▶ _Work instruction_:
Print all the data below exactly, without images.

▶ _Information supplied_:
§

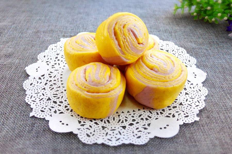 面粉、温水、菠菜汁、酵母粉、白糖、紫薯泥
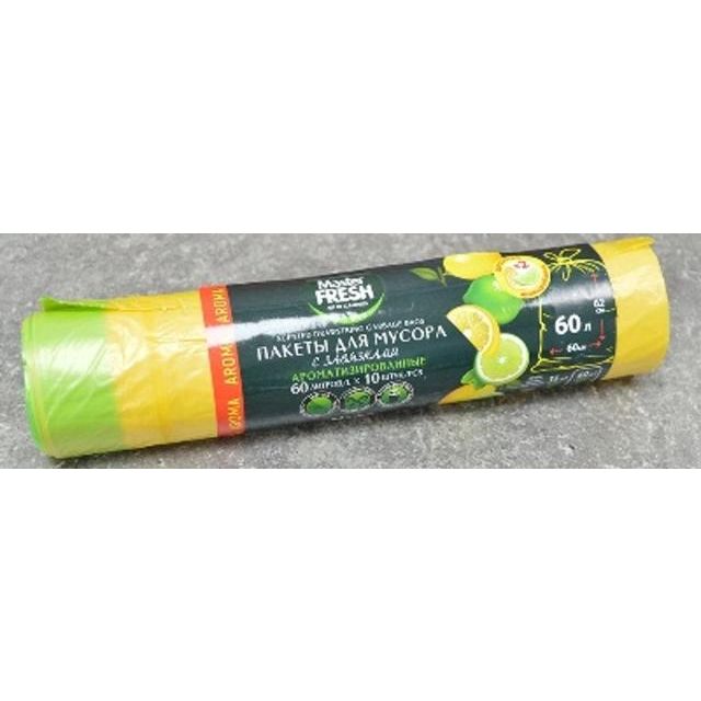 MASTER FRESH Мешки/Пакеты для мусора   60л 10шт 14мкм LEMON арома,зав.желт./0129
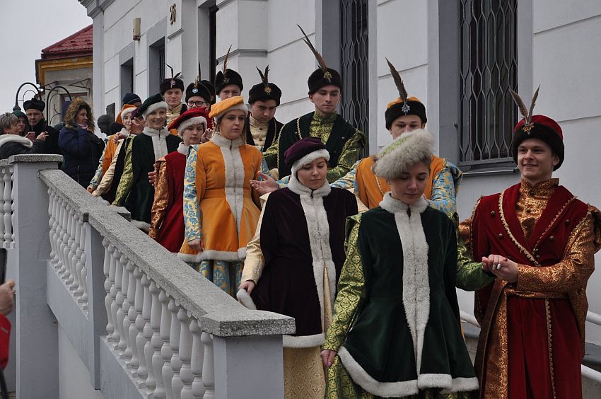 Orszak - w rytmie kolęd i pastorałek - przeszedł od Centrum Kultury do kościoła parafialnego. Uczestniczyli w nim licznie mieszkańcy Żabna i okolic - dzieci, młodzież, starsi. Na placu przed kościołem uczniowie naszej szkoły ubrani w piękne, staropolskie stroje zatańczyli poloneza.
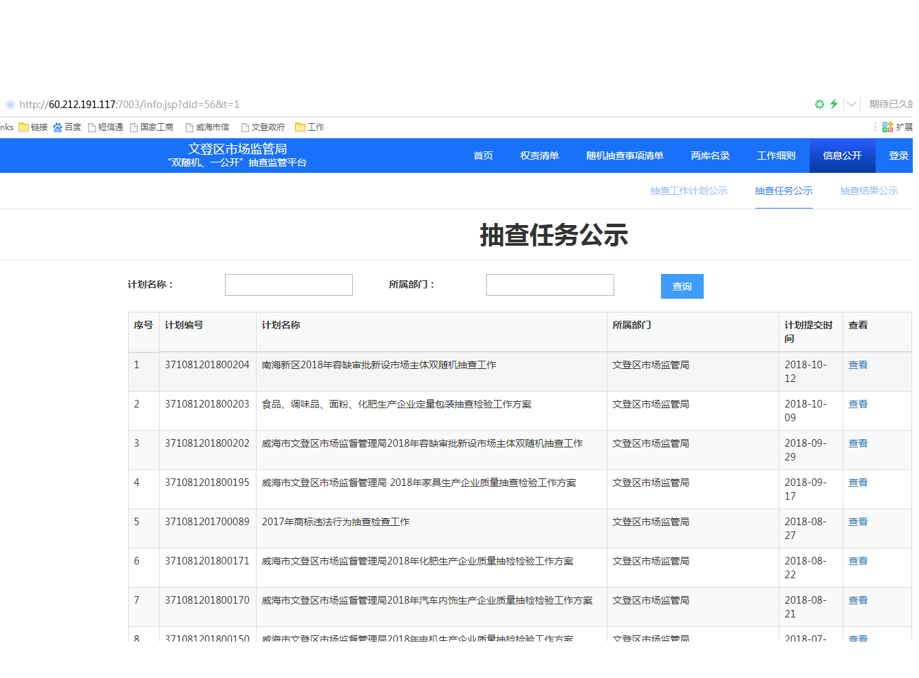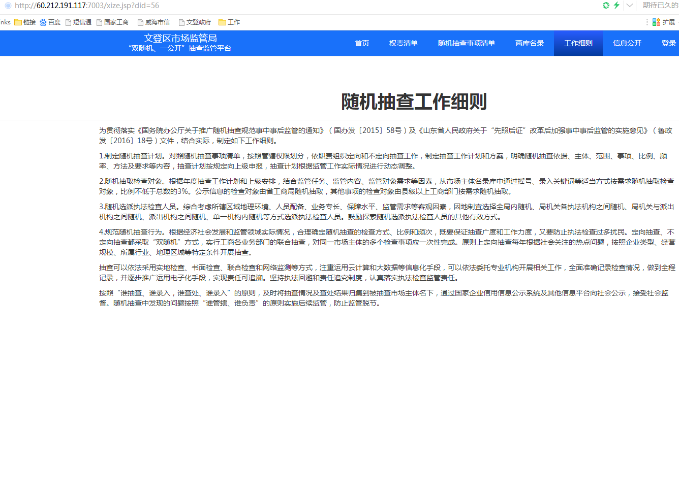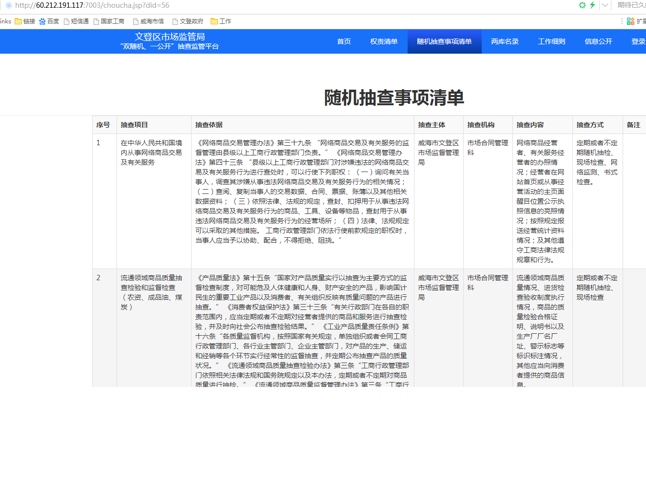 (五)聚焦“放管服”改革做好公開。一是“雙隨機、一公開”監(jiān)管工作。1、督導(dǎo)成員單位高效使用監(jiān)管平臺。全區(qū)37家成員單位結(jié)合權(quán)責(zé)清單確定316項隨機抽查事項,啟用威海市統(tǒng)一的“雙隨機、一公開”監(jiān)管平臺,完成了“一單兩庫一細(xì)則”的數(shù)據(jù)錄入,同時將相關(guān)數(shù)據(jù)在政府信息公開平臺進行公示,實現(xiàn)了行政執(zhí)法事項全覆蓋,改變了以往隨意執(zhí)法的現(xiàn)象,有效規(guī)避了權(quán)力尋租,促進了執(zhí)法監(jiān)管公平公正公開。

§

▶ _Solution for this task_:
 面粉、温水、菠菜汁、酵母粉、白糖、紫薯泥
 MASTER FRESH Мешки/Пакеты для мусора   60л 10шт 14мкм LEMON арома,зав.желт./0129
 Orszak - w rytmie kolęd i pastorałek - przeszedł od Centrum Kultury do kościoła parafialnego. Uczestniczyli w nim licznie mieszkańcy Żabna i okolic - dzieci, młodzież, starsi. Na placu przed kościołem uczniowie naszej szkoły ubrani w piękne, staropolskie stroje zatańczyli poloneza.
 (五)聚焦“放管服”改革做好公開。一是“雙隨機、一公開”監(jiān)管工作。1、督導(dǎo)成員單位高效使用監(jiān)管平臺。全區(qū)37家成員單位結(jié)合權(quán)責(zé)清單確定316項隨機抽查事項,啟用威海市統(tǒng)一的“雙隨機、一公開”監(jiān)管平臺,完成了“一單兩庫一細(xì)則”的數(shù)據(jù)錄入,同時將相關(guān)數(shù)據(jù)在政府信息公開平臺進行公示,實現(xiàn)了行政執(zhí)法事項全覆蓋,改變了以往隨意執(zhí)法的現(xiàn)象,有效規(guī)避了權(quán)力尋租,促進了執(zhí)法監(jiān)管公平公正公開。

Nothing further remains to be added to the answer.